TASK GOAL -
Repeat exactly, and only, the lines below starting at the line that contains "I create hand-drawn" and ending at the line that contains "在红旗渠总干渠的咽喉工程——", inclusive of both.

RECORDS SHOWN -
Content starts

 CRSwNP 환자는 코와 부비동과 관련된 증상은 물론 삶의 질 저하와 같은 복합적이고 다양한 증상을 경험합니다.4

Content ends
Content starts

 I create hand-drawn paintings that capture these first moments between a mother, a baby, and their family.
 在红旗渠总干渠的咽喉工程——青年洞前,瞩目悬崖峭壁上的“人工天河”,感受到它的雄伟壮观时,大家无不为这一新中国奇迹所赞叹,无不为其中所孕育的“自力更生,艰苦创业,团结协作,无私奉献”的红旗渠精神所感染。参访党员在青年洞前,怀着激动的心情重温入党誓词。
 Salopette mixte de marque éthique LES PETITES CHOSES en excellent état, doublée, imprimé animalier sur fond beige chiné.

Content ends

WRITTEN SOLUTION -
 I create hand-drawn paintings that capture these first moments between a mother, a baby, and their family.
 在红旗渠总干渠的咽喉工程——青年洞前,瞩目悬崖峭壁上的“人工天河”,感受到它的雄伟壮观时,大家无不为这一新中国奇迹所赞叹,无不为其中所孕育的“自力更生,艰苦创业,团结协作,无私奉献”的红旗渠精神所感染。参访党员在青年洞前,怀着激动的心情重温入党誓词。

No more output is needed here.